In a letter to Superintendent Larry Snelling of the Chicago Police Department that was dated April 1, Ms. Kersten said that “the available evidence calls into question” whether Mr. Reed was truly pulled over for not wearing a seatbelt.

“Specifically, COPA is uncertain how the officers could have seen this seatbelt violation,” given their location and the “dark tints” on the windows of Mr. Reed’s vehicle, she wrote.

Ms. Kersten said the evidence also indicated that all four officers fired after Mr. Reed exited his vehicle without his gun. She said the 96 shots raised “serious questions about the proportionality of their use of deadly force.”

One officer in particular, she said, fired at least 50 times, including three shots while Mr. Reed lay motionless on the ground. The more than 40 seconds of shooting, she said, gave three of the four officers time to reload.

“This provided the officers with ample opportunity to reassess the situation, but they continued to use deadly force,” Ms. Kersten wrote to Superintendent Snelling. “Based on the totality of the available evidence, COPA has grave concerns about the officers’ ability to assess what is a necessary, reasonable, and proportional use of deadly force.”

The Chicago Police Department said that four officers were placed on administrative duties for 30 days, as is the case in all police shootings.

“We cannot make a determination on this shooting until all the facts are known and this investigation has concluded,” the department said in a statement.

Kim Foxx, the Cook County state’s attorney, said that her office was just beginning its review of the evidence to determine if criminal charges would be warranted.

Body-camera and surveillance videos show officers in an SUV with flashing blue lights stopping Mr. Reed’s vehicle. The videos show officers surrounding Mr. Reed’s vehicle and ordering him to roll down his window.

After rolling the window down, he rolls it up partway. One officer tries to open the driver’s side door by jiggling the handle and orders Mr. Reed to unlock and open the door, as that officer and others draw their guns.

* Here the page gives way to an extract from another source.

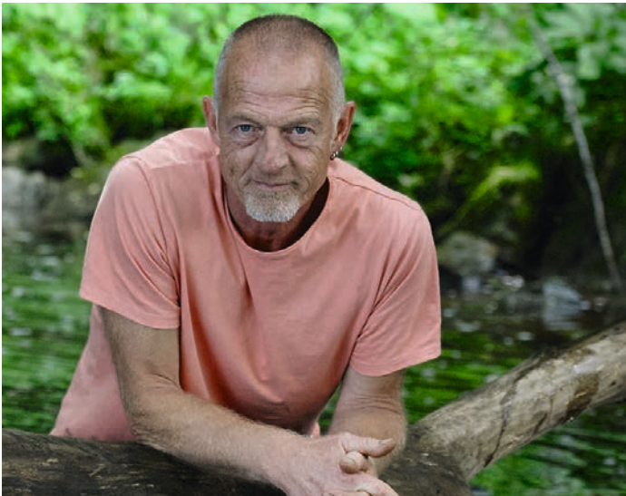
Gerbrand Bakker

Schon mit seinem Romandebüt »Oben ist es still« (2006) wurde der niederländische Schriftsteller Gerbrand Bakker international bekannt und mehrfach ausgezeichnet. Immer wieder lobt die Kritik seinen leisen, unaufgeregten Erzählstil, der auch seinen neuen Roman »Der Sohn des Friseurs« (Suhrkamp) auszeichnet. Gleichzeitig ist die höchst wendungsreiche Vater-Sohn-Geschichte aber auch von der ersten Seite an spannend, und das liegt nicht nur daran, dass sie von einer der schlimmsten Katastrophen der zivilen Luftfahrt erzählt.

After multiple shots are fired and officers are seen reloading, Mr. Reed can be seen lying on the ground, behind his vehicle. Video shows the injured officer, who was near the passenger side of Mr. Reed’s vehicle, recoiling as the shots ring out.

“Shots fired,” the officer says. “I’m shot. I’m shot.”

Andrew M. Stroth, a lawyer for the Reed family, said the family was asking the Chicago police to disband tactical units that he said have been “terrorizing” residents. He said he was also asking for criminal indictments against some of the officers.

He called the initial traffic stop unconstitutional.

“This family doesn’t want this to happen to anyone else,” Mr. Stroth said, adding: “How many more Black and brown young men need to die before this city will change?”

Mr. Reed helped lead his high school basketball team to a regional championship and was a student athlete in college, where he earned an associate degree, Mr. Stroth said. He hoped to become a broadcaster.

“We just want answers,” Porscha Banks, Mr. Reed’s sister, said at a news conference, adding: “He was a son. He was a brother. He was an uncle. He had loved ones. He was somebody very important.”